Morphine poorly internalizes MORs and promotes strong analgesic desensitization by stimulating permanent transfer of a part of the receptor-regulated G proteins toward RGS proteins belonging to the R7 and Rz subfamilies [25, 47, 48, 50]. In contrast, DAMGO produces a robust internalization and recycling of MORs, a transient transfer of G proteins toward the RGS proteins, and a low level of analgesic tolerance . Because icv-injected cannabinoids facilitated a reversible transfer of Gα subunits toward RGSZ2 proteins and because the membrane levels of CB1Rs were almost restored within 24 h of their initial challenge, one should expect the resensitization of the analgesic response to these substances, as with DAMGO. However, our results reveal a long-term supraspinal analgesic tolerance even after the CB1R reassociates with these G proteins. This apparent divergence between DAMGO and cannabinoids in the production of tolerance can be explained in terms of the classes of G proteins activated by these agonists after binding to their respective supraspinal receptors. Thus, the analgesic effects of WIN55,212-2 are mediated mostly by Gz proteins, whereas those of DAMGO require Gi/o proteins and, to a lesser extent, Gz [51, 56, 58, 64]. In the absence of Gz activation, the cannabinoids behave as DAMGO, promoting low levels of analgesic tolerance. Therefore, the desensitizing capacity of Gz proteins on post-receptor events predominates over the resensitization caused by reinsertion and G protein-coupling of the internalized CB1Rs in the neural membrane. Thus, it is the coincidence of WIN55,212-2 and morphine at Gz proteins that accounts for their cross-desensitization, whereas the poor regulation of this Gz by DAMGO explains why WIN55,212-2 fails to impair DAMGO-evoked analgesia.

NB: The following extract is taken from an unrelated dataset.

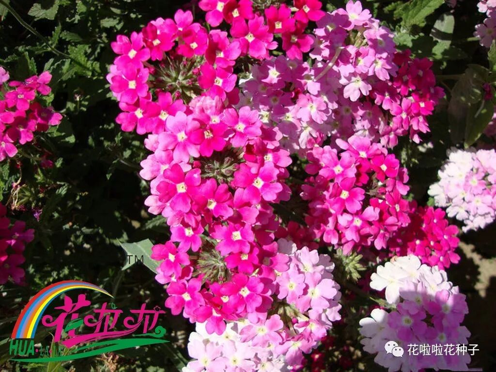 美女樱,马鞭草科,花期:6月-9月,株高:30-35cm,习性:喜阳光、不耐阴,较耐寒、不耐旱。

Thus, an inefficient Gαz-GTP deactivation results in desensitization of brain MORs and CB1Rs, suggesting a post-receptor mechanism that appears to be regulated by Gz proteins. However, at the spinal level CB1Rs primarily regulate Gi/o proteins, and in the absence of Gz proteins, tolerance is primarily achieved by reducing the density of active surface receptors. Indeed, this is seen after repeated systemic treatment with cannabinoids (see Introduction).